Blimp Logistics is a decentralized drone logistics network co-founded by Camilo Melnyk and Spencer Yaculak. Blimp looks to take over the drone delivery field with their unique business model and providing ultra-fast delivery between local businesses and their customers.
The idea: Blimp Logistics will house their drones inside of shipping containers that are transported and deployed via semi-trucks.

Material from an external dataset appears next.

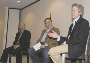 A heavily advertised town hall meeting at the J.W. Marriott in Cherry Creek drew a crowd in excess of 200 on a sunny Sunday afternoon. Touted as an issues discussion for a “Pro-Israel Community at the Crossroads — Critical Issues and Choices Facing the U.S. and Israel in 2012,” the event proved an unabashed organizing event for Romney’s Jewish supporters. If you didn’t get the hint from the ‘OBAMA…OY VEY!’ buttons at the registration table, it didn’t take long to figure out once the program got underway. Local powerbroker Larry Mizel of Richmond Homes welcomed the panelists: Norm Coleman, former U. S. Senator from Minnesota as well as former Democrat who lost his Senate seat in 2008 to Al Franken in the nation’s closest race, Ari Fleischer, former press secretary to President George W. Bush and now a CNN commentator, as well as moderator Matt Brooks, executive director of the national Republican Jewish Coalition (RJC).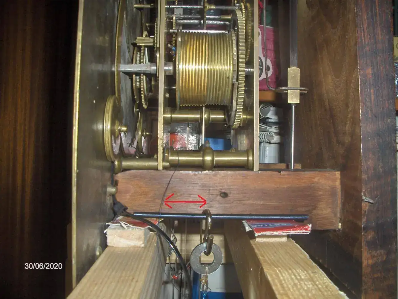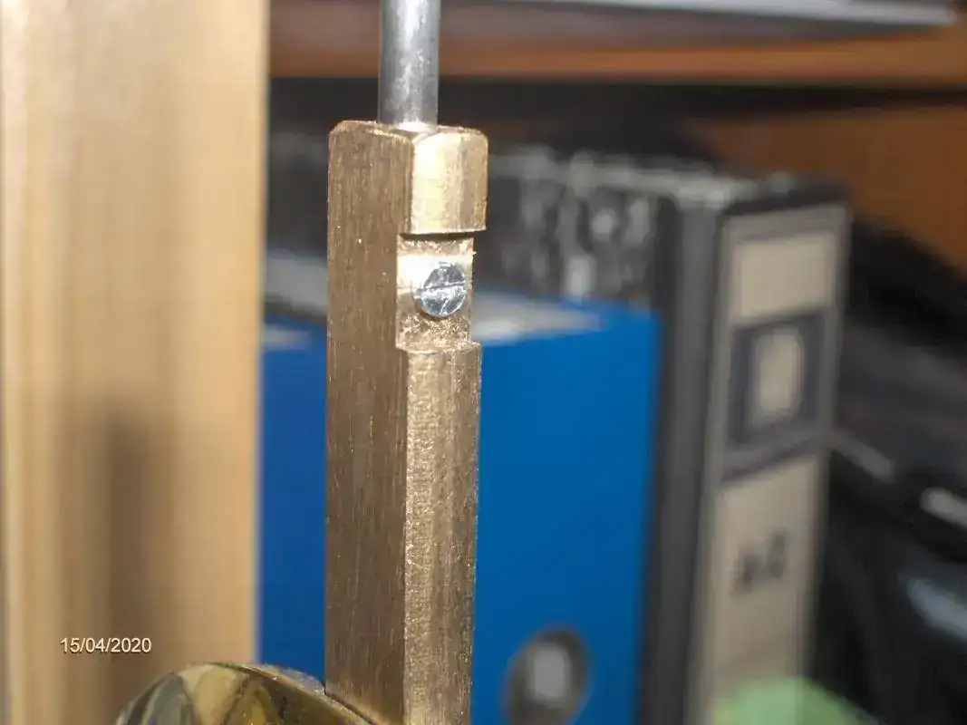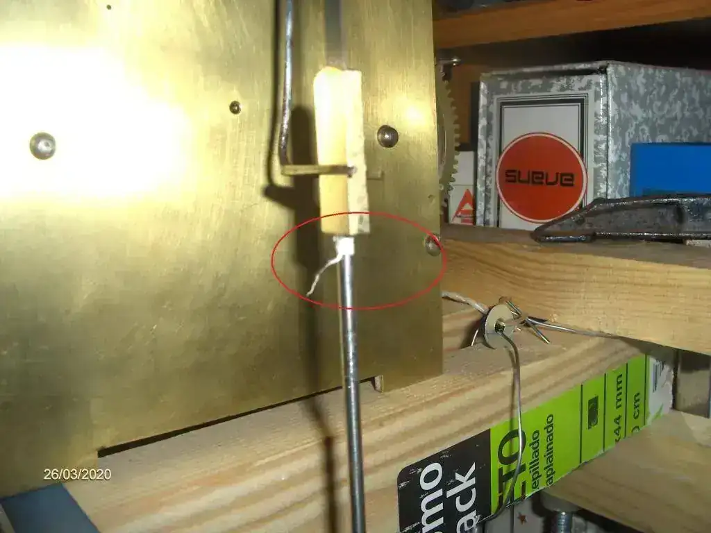 Puesto en marcha retrasaba unos 10 min/hora, el problema es que el tornillo de regulación de la lenteja está arriba del todo, no puedo acortar mas. La solución correcta y profesional seria cortar el vástago para reducir su longitud y hacer una nueva rosca, pero por lo dicho anteriormente no puedo hacer eso.

- While the drone is in the early prototyping phase, Blimp's goals for the drone are:
- Range of 60 miles
- Endurance of a little bit over an hour, depending on how many stops you make along the way
- Lift up to 30 lbs
- The cargo carried by the drones will be divided up in different sub containers
- A fixed wing vital hybrid drone
- Takes off and lands vertically
- Transitions into forward flight when going longer distances
- Will be housed in 20 ft long shipping containers
- Each shipping container holds 2 of them
- Each shipping container can be taken off of the back of a semi truck and connected to electricity to provide delivery coverage in the area.
The benefits of drone delivery over standard delivery services:
Blimp will be able to significantly reduce the cost of delivery in comparison to the current delivery methods. 3rd party delivery services such as UberEats, Postmates, and Grubhub all take around 20-30% of the total cost of the food order. However, Blimp has calculated that they will be able to profit off of just a 10% cut. This offers a more affordable service to businesses with delivery services because they can keep the extra 10% to put back into their businesses.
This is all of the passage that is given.